Milon, Alexandre, fils aîné

Biographie


Il adressa, le 9 août 1830, la lettre suivante au colonel de la Ire légion de la garde nationale, alors qu’il servait dans la 4e compagnie du 2e bataillon : « Mon Colonel,

»J’étais à peine relevé d’une maladie qui m’avait mis six semaines aux portes du tombeau, lorsque le tocsin de la liberté a sonné. Le sang de mes concitoyens versé par les sicaires de la tyrannie a ranimé mes forces et j’ai saisi des armes pour les venger ou mourir. Il n’appartient de raconter ses actions qu’à un orgueilleux. Je vous dirai donc que je n’ai quitté mes armes que lorsque j’ai tombé d’épuisement et que tant que mes forces ont répondu à mon courage j’ai fait le mieux qu’il m’a été possible.

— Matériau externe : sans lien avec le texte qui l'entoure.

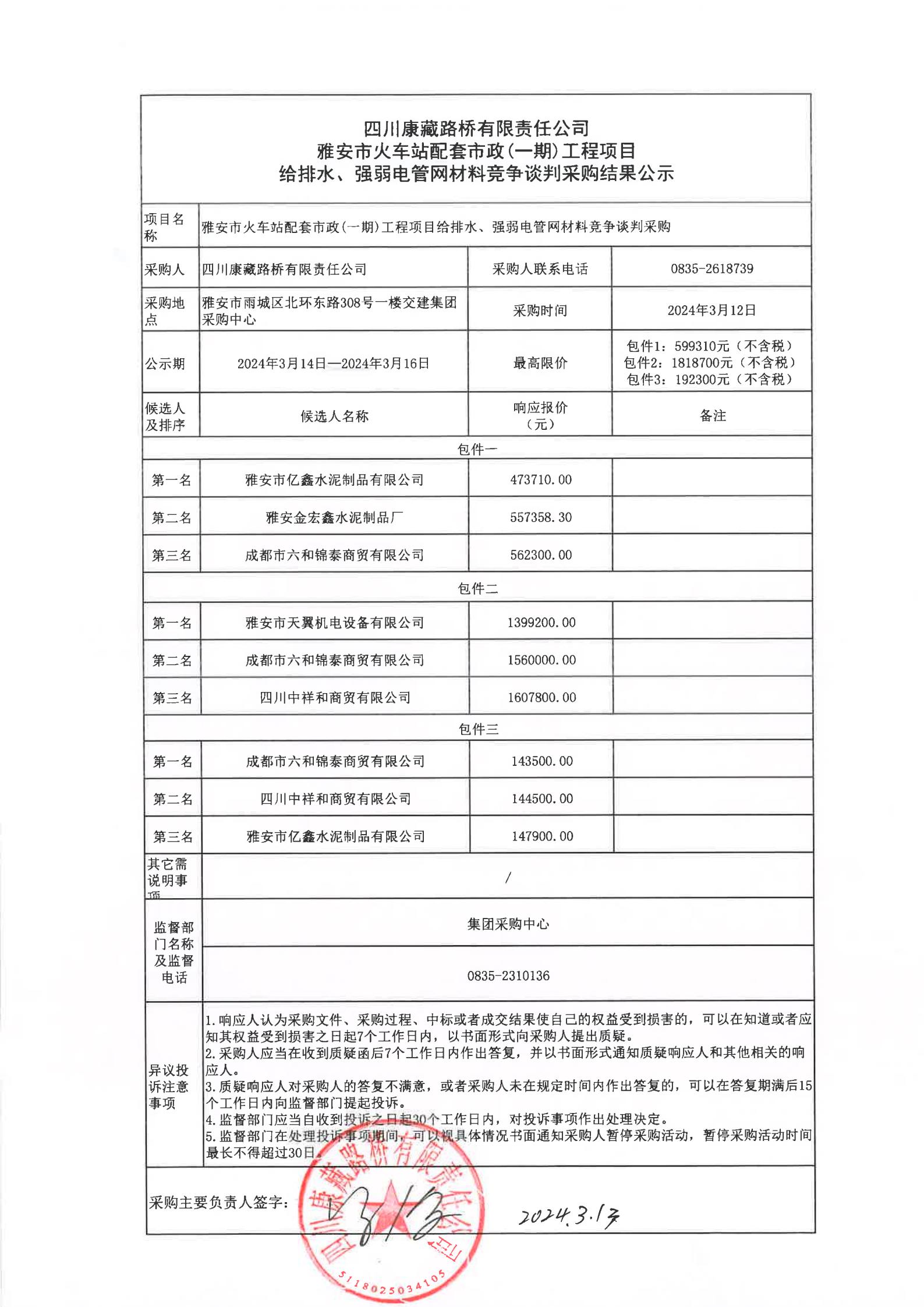 四川康藏路橋有限責(zé)任公司雅安市火車(chē)站配套市政(一期)工程項(xiàng)目給排水、強(qiáng)弱電管網(wǎng)材料采購(gòu)結(jié)果公示

»Mon Colonel, on me fait l’honneur de m’incorporer dans votre légion c’est la chose qui est le plus capable de flatter mon orgueil. Cependant, mon Colonel, j’ai vingt-cinq ans, je suis l’aîné de ma famille et mes économies aidaient un père presque septuagénaire et une mère d’une santé débile ; la longue et terrible maladie que je viens de faire ayant épuisé mes faibles ressources j’aurais pu, comme tant d’autres, qui même étaient cachés aux jours du danger, réclamer des secours à ma mairie, ayant tous les gens établis de mon quartier témoins de ma conduite ; mais j’ai marché sous le feu des ennemis de notre liberté sans trembler et j’aurais pâli en allant tendre la main. J’ai mieux aimé supporté des privations en silence.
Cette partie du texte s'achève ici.